Von Achim Lettmann ▪ BOCHUM–Leicht wird es nie für Emma Mörschel und Johannes Pinneberg sein. Beide wissen, dass sie keine große Begabung haben und „immer nach dem Geld krampfen“ werden. Dass sich ein Baby („Murkel“) angekündigt hat, erschrickt ihn, freut sie und bringt das junge Paar dann doch enger zusammen. Hoffnung wird spürbar, eine behutsame Liebe entfaltet sich am Schauspielhaus Bochum.

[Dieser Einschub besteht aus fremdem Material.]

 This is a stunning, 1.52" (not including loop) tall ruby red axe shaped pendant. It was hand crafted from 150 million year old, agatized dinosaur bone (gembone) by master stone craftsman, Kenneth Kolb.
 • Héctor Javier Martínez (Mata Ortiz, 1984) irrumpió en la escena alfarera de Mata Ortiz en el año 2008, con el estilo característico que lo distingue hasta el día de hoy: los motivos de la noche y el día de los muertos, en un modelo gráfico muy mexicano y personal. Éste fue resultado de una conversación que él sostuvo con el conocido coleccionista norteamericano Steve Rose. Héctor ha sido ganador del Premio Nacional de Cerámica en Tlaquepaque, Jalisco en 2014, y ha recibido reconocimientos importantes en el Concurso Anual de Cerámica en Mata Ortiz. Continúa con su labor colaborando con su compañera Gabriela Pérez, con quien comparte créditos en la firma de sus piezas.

„Kleiner Mann, was nun?“ fragt Regisseur David Bösch, der mit Sabine Reich eine Bühnenfassung nach dem Roman (1932) von Hans Fallada erarbeitet hat. In Bochum fällt die Existenzgrundlage ganz bescheiden, ganz einfach aus. Hier will niemand Superstar werden. Bösch zeigt junge Leute, die standesbewusst sind und hoffen, dass ihr Fleiß, ihr Anstand und ihre Ehrlichkeit anerkannt werden – von denen, die Macht über sie erhalten. Denn in einer Gesellschaft gibt es immer kleine und große. Banal, aber wahr.

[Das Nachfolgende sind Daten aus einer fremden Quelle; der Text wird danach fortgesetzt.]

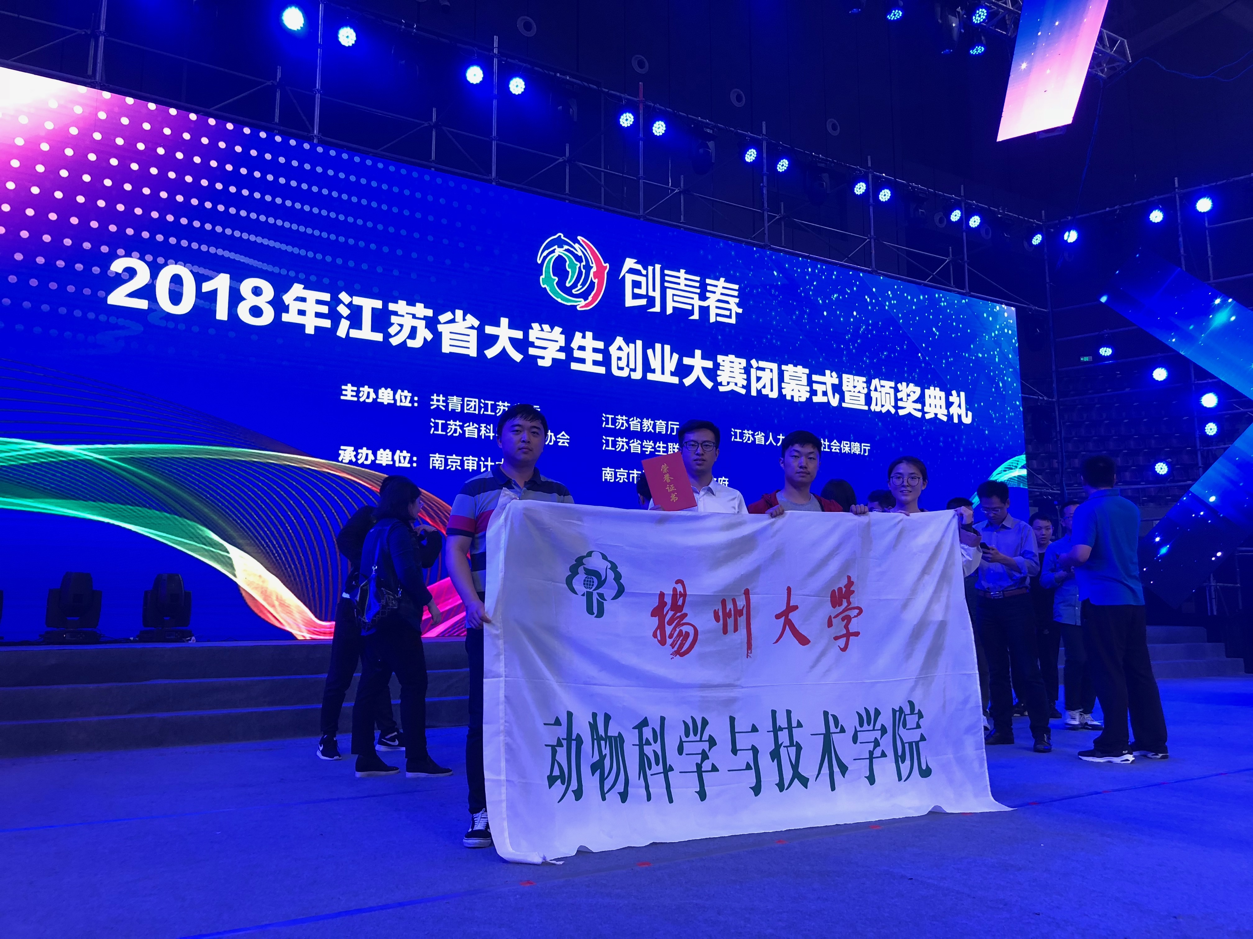5月25-27日,2018年“创青春”江苏省大学生创业大赛终审决赛在南京审计大学进行,省内共计87所高校入围江苏省决赛,近三百个项目,千余名师生齐聚南审,论道创业!我院张志鹏团队项目“多元化、智能化、定制化、信息化”互联网+大学生农牧项目创客空间荣获金奖,并推报参加国赛。

Dass Regisseur Bösch solchen Einsichten viel Raum gibt, liegt auch an unserer Freizeitgesellschaft, in der Werbeauftritt, Monitoroberflächen und Medienprofile die Wirklichkeit erst überblenden und dann ersetzen. Thomas Rupert lässt diesen ganzen Klimbim beiseite und hat auf der weiten Bühne eine Mulde gelassen, die inmitten einer schwarz-grauen Halde die Menschen aufnimmt. Ein gigantischer Kugelkorb nimmt Stühle, Lampen, Klamotten, Tische, alles Alltagsgedöns auf. Ein Symbol für gelebtes Leben über alle Zeit.

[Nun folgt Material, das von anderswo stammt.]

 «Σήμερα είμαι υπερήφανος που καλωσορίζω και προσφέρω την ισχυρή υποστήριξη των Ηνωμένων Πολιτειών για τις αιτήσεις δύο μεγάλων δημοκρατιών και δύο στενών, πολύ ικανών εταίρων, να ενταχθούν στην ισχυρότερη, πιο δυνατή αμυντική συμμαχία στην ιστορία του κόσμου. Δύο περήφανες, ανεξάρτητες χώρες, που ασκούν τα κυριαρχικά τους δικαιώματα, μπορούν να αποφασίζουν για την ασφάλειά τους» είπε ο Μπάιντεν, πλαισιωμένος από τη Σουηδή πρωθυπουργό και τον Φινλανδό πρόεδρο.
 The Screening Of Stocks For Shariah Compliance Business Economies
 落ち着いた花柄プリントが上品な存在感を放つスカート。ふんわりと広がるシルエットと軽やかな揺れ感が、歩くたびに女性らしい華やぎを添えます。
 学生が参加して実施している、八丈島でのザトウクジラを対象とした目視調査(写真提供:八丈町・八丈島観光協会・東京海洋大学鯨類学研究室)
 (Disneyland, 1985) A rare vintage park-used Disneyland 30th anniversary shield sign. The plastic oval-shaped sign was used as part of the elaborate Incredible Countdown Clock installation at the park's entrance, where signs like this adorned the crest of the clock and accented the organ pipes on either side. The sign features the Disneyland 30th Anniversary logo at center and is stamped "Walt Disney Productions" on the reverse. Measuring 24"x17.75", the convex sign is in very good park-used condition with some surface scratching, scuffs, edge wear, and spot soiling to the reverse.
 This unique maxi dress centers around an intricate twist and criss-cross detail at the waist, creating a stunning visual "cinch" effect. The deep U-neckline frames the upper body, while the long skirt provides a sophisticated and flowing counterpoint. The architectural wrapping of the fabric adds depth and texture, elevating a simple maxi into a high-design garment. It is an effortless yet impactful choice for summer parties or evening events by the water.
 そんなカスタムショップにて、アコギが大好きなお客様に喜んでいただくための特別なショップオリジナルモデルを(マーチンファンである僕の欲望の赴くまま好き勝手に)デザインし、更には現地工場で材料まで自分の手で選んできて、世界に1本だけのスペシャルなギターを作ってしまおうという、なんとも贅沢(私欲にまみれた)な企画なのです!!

Die Inszenierung fordert ein bisschen Demut. Schaut her, scheint Bösch zu sagen, hier sind zwei Menschen, die nur ein einfaches Leben können – nun lasst sie doch! Ein Anliegen, dem der Regisseur keine schrille Note verpasst, keinen neuen Look anhängt. Das überrascht, weil David Bösch als kühner Inszenator gilt, der mit Leidenschaft und Musik an den Theatern in Essen und Bochum aufgefallen ist.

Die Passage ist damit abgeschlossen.